Speaker of the National Assembly of Malawi
- In office June 1994 – June 1999
- Preceded by: Brian Mtawali
- Succeeded by: Sam Mpasu
- In office June 2004 – June 2005
- Preceded by: Davis Katsonga
- Succeeded by: Louis Chimango

Personal details
- Born: 1 January 1936 Nthalire, Chitipa District, Nyasaland
- Died: 27 June 2005 (aged 69) Johannesburg, South Africa
- Party: MCP (1970s) AFORD (1994–1999) UDF (from 1999)

= Rodwell Munyenyembe =

Malawian politician

Rodwell Thomas Changara Munyenyembe (1 January 1936 – 27 June 2005) was a Malawian politician who served twice as Speaker of the National Assembly, from 1994 to 1999 and again from 2004 until his death. He also twice served as a cabinet minister, in the governments of Hastings Banda and Bakili Muluzi. He worked as a teacher prior to entering politics.

==Early life==
Munyenyembe was born in Nthalire, a village in the Chitipa District of the Northern Region. He studied at a teachers' college in Domasi, and received his qualification in 1960, subsequently working as a primary school teacher. Munyenyembe later undertook further training in England in order to become a teacher of the deaf, receiving a certificate in deaf education from Manchester Metropolitan University in 1966 and a certificate in audiometry from the University of London in 1967.

==Politics==
Munyenyembe was elected to the National Assembly in 1971, representing the Malawi Congress Party (MCP). He entered cabinet just a few years later, becoming Minister for Information and Broadcasting in the government of Hastings Banda. In August 1973, his previous title was abolished and he was instead made Minister for Community Development and Social Welfare. In February 1974, Munyenyembe also replaced John Msonthi as Minister for Education, taking charge of two ministries for a few weeks until his earlier portfolio was transferred to Dominic Kainja Nthara. Within his party, he became a member of the MCP's national executive committee in May 1974, and was also made deputy chairman of the party for the Northern Region. However, he had a falling out with Hastings Banda a few years later, and in July 1977 was removed both from cabinet and from the MCP committee. Once his first stint in politics was over, Munyenyembe moved to Rumphi and took up tobacco farming. He eventually became chairman of the Tobacco Association of Malawi.

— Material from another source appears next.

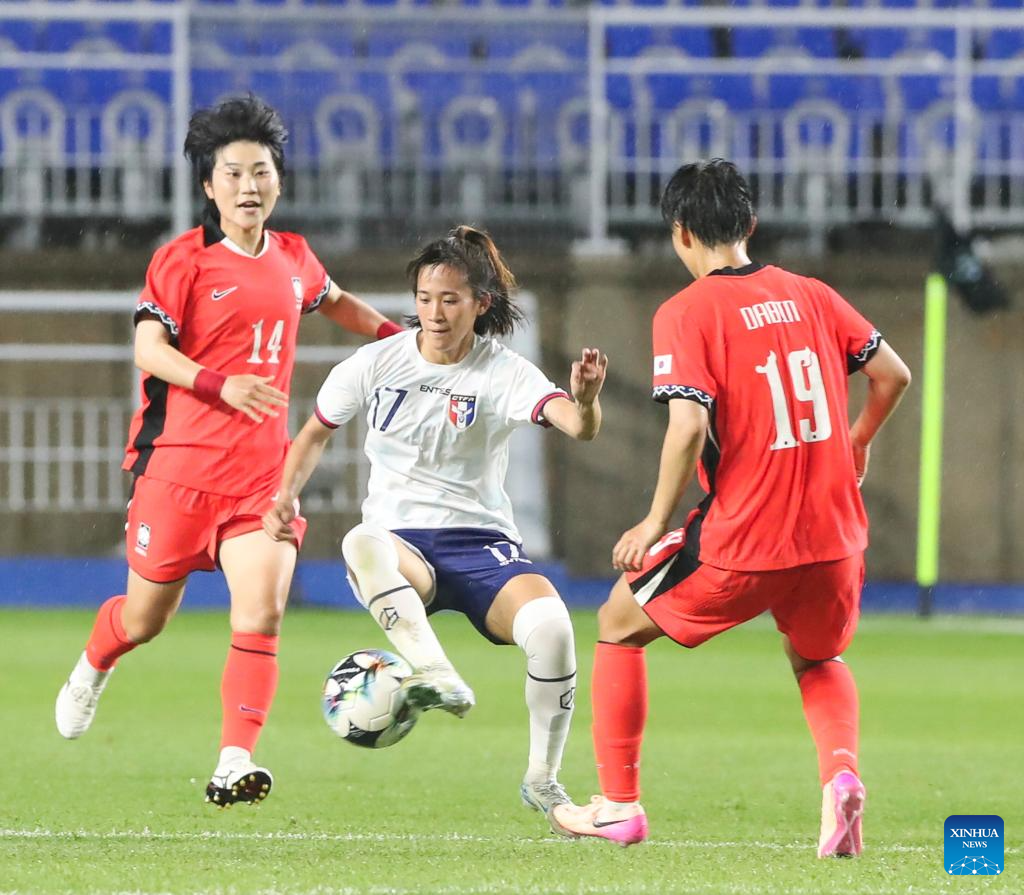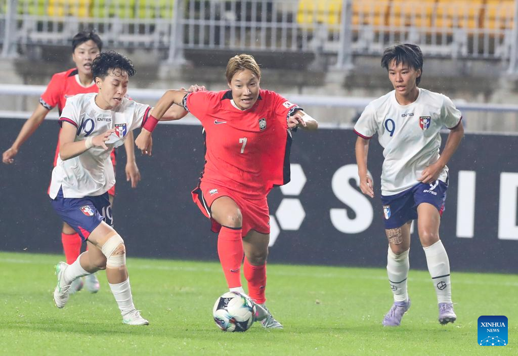 Jeong Dabin (R) of South Korea vies with Chen Jin-wen (C) of Chinese Taipei during the women's match between South Korea and Chinese Taipei at the EAFF (East Asian Football Federation) E-1 Football Championship 2025 Final in Suwon, South Korea, July 16, 2025. (Xinhua/Yao Qilin)
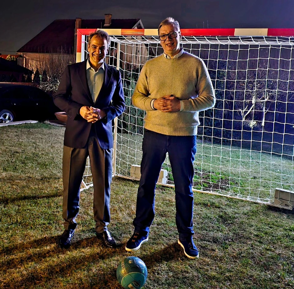 - Kirjakos i ja smo se slikali sa loptom. Srećan što mogu da ugostim velikog prijatelja Srbije, ponosan i na naš lični odnos, verujem da ćemo večeras i sutra postići velike rezultate u unapređenju saradnje bratskih naroda, srpskog i grčkog - dodaje se.

At the 1994 general election, Munyenyembe re-entered the National Assembly as a candidate of the Alliance for Democracy (AFORD), standing in the Chitipa South constituency. The election resulted in a hung parliament, with the United Democratic Front (UDF) winning the majority of seats and AFORD holding the balance of power. In negotiations to form a new government, it was agreed that Munyenyembe would take on the speakership. He held the position until his defeat at the 1999 election, where he stood as a UDF-backed independent. Despite losing his seat in the National Assembly, Munyenyembe remained involved in politics, with President Bakili Muluzi appointed him to the position of Minister of State for Presidential Affairs. He was made Minister for Defence a few months later. At the 2004 general election, at which Muluzi left office, Munyenyembe was re-elected to parliament, standing for the UDF in Chitipa North. He was subsequently also re-elected to the speakership.

==Death==
In June 2005, Munyenyembe had a severe stroke in the speaker's chair while officiating on a motion to impeach President Bingu wa Mutharika. He was carried out of the chamber unconscious, and subsequently flown to South Africa to receive medical treatment. He died at Milpark Hospital, Johannesburg, a few days later, from a heart attack.